Data >>
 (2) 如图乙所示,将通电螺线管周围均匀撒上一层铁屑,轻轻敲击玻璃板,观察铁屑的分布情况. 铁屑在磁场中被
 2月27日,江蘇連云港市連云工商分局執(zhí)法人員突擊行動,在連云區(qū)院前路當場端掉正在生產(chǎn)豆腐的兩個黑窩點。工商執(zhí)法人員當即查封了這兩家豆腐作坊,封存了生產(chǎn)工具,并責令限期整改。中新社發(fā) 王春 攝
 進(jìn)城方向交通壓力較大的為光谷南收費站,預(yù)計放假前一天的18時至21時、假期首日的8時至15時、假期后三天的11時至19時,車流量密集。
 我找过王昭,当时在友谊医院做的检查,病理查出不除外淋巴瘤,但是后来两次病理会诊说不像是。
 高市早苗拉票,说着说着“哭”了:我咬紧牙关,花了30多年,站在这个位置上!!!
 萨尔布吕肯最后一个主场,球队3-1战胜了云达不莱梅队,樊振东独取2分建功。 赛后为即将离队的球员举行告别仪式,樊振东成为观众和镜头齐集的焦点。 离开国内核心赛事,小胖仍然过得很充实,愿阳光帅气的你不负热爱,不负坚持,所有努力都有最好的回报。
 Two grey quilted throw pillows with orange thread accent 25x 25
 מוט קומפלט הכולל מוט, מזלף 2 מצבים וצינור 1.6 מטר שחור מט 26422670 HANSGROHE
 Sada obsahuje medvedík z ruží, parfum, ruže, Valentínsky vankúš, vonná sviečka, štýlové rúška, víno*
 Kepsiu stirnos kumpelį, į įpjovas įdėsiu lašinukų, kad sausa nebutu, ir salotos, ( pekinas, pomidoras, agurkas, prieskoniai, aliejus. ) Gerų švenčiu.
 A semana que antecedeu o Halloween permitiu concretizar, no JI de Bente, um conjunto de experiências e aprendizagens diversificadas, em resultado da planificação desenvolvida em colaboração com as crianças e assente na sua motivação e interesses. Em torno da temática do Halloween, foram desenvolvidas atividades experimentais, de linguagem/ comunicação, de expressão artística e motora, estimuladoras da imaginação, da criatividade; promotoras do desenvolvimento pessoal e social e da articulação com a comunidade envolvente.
--
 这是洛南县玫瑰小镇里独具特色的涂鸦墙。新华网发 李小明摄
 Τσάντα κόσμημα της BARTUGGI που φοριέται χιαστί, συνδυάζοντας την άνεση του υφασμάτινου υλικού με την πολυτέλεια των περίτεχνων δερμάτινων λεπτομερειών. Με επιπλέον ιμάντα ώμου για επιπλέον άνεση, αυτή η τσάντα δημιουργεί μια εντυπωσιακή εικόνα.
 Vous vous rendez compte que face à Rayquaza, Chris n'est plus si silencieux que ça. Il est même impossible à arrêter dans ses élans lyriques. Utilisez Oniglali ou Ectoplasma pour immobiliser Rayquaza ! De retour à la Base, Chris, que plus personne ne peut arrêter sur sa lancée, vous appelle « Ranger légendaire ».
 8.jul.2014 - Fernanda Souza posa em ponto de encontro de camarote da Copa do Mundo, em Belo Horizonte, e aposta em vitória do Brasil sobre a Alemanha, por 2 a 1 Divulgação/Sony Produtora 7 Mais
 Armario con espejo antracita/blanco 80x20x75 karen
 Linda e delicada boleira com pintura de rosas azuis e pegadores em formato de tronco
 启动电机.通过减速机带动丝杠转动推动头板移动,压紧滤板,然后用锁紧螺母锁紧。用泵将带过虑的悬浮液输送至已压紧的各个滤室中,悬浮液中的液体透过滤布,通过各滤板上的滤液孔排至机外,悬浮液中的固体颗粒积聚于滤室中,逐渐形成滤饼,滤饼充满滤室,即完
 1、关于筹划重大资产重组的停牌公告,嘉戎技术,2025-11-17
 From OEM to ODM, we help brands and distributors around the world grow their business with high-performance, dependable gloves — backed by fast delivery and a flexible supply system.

Prompt >> The range runs from the line above containing "Kepsiu stirnos kumpelį, į" to the line containing "A semana que", inclusive. Restate those lines word for word and no others.

Result of this exercise >>
 Kepsiu stirnos kumpelį, į įpjovas įdėsiu lašinukų, kad sausa nebutu, ir salotos, ( pekinas, pomidoras, agurkas, prieskoniai, aliejus. ) Gerų švenčiu.
 A semana que antecedeu o Halloween permitiu concretizar, no JI de Bente, um conjunto de experiências e aprendizagens diversificadas, em resultado da planificação desenvolvida em colaboração com as crianças e assente na sua motivação e interesses. Em torno da temática do Halloween, foram desenvolvidas atividades experimentais, de linguagem/ comunicação, de expressão artística e motora, estimuladoras da imaginação, da criatividade; promotoras do desenvolvimento pessoal e social e da articulação com a comunidade envolvente.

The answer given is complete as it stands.